**What is being asked**.
Return exactly the listing's lines, from its first line to the line holding "Ereignis | Aktivieren", ends included.
*** Opening of Records for this exercise ***
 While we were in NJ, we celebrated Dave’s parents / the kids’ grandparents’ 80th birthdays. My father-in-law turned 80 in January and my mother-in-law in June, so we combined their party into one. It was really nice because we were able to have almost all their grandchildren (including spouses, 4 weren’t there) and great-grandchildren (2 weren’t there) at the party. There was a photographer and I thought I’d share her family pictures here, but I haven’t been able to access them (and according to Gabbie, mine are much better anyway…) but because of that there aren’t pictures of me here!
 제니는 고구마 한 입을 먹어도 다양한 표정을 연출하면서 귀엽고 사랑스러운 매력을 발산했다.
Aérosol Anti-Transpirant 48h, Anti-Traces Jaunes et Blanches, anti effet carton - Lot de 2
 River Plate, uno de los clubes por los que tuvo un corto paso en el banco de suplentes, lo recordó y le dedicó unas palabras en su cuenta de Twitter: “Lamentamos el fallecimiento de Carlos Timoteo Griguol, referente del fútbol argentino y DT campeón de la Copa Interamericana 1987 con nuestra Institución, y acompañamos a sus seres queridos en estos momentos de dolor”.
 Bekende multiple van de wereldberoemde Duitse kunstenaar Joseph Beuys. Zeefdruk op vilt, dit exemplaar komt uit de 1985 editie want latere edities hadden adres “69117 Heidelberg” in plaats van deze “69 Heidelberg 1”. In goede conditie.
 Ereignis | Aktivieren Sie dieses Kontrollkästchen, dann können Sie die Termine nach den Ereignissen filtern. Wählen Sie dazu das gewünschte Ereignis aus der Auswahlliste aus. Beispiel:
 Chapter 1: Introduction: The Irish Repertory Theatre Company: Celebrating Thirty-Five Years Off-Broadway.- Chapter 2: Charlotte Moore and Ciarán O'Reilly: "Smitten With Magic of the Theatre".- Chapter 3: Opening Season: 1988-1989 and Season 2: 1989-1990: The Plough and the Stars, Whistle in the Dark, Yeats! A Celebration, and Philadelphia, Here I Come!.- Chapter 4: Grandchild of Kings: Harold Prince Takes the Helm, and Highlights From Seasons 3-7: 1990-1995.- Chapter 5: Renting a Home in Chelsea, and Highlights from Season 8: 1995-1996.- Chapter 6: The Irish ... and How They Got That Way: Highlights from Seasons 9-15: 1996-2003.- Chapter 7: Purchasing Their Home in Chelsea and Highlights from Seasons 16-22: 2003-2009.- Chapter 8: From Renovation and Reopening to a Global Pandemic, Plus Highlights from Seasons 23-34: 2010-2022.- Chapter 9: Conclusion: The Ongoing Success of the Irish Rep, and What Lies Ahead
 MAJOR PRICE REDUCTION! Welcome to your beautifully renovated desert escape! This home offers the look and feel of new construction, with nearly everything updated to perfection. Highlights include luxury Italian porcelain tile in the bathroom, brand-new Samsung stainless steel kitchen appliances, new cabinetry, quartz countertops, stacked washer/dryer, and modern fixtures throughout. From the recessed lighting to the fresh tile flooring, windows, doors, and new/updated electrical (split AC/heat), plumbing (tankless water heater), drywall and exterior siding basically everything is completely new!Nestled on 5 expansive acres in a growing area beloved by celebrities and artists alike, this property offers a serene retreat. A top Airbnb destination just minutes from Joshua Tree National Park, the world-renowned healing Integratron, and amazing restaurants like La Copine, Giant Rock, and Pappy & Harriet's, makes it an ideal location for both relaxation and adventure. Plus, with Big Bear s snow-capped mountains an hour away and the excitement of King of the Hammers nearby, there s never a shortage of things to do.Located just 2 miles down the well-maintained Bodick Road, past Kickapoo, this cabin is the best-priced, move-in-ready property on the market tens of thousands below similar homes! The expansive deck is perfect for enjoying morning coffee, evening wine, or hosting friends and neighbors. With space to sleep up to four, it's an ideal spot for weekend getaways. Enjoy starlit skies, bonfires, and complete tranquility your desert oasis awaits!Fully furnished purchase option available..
*** Close of Records for this exercise ***
**Exercise response**.
 While we were in NJ, we celebrated Dave’s parents / the kids’ grandparents’ 80th birthdays. My father-in-law turned 80 in January and my mother-in-law in June, so we combined their party into one. It was really nice because we were able to have almost all their grandchildren (including spouses, 4 weren’t there) and great-grandchildren (2 weren’t there) at the party. There was a photographer and I thought I’d share her family pictures here, but I haven’t been able to access them (and according to Gabbie, mine are much better anyway…) but because of that there aren’t pictures of me here!
 제니는 고구마 한 입을 먹어도 다양한 표정을 연출하면서 귀엽고 사랑스러운 매력을 발산했다.
Aérosol Anti-Transpirant 48h, Anti-Traces Jaunes et Blanches, anti effet carton - Lot de 2
 River Plate, uno de los clubes por los que tuvo un corto paso en el banco de suplentes, lo recordó y le dedicó unas palabras en su cuenta de Twitter: “Lamentamos el fallecimiento de Carlos Timoteo Griguol, referente del fútbol argentino y DT campeón de la Copa Interamericana 1987 con nuestra Institución, y acompañamos a sus seres queridos en estos momentos de dolor”.
 Bekende multiple van de wereldberoemde Duitse kunstenaar Joseph Beuys. Zeefdruk op vilt, dit exemplaar komt uit de 1985 editie want latere edities hadden adres “69117 Heidelberg” in plaats van deze “69 Heidelberg 1”. In goede conditie.
 Ereignis | Aktivieren Sie dieses Kontrollkästchen, dann können Sie die Termine nach den Ereignissen filtern. Wählen Sie dazu das gewünschte Ereignis aus der Auswahlliste aus. Beispiel:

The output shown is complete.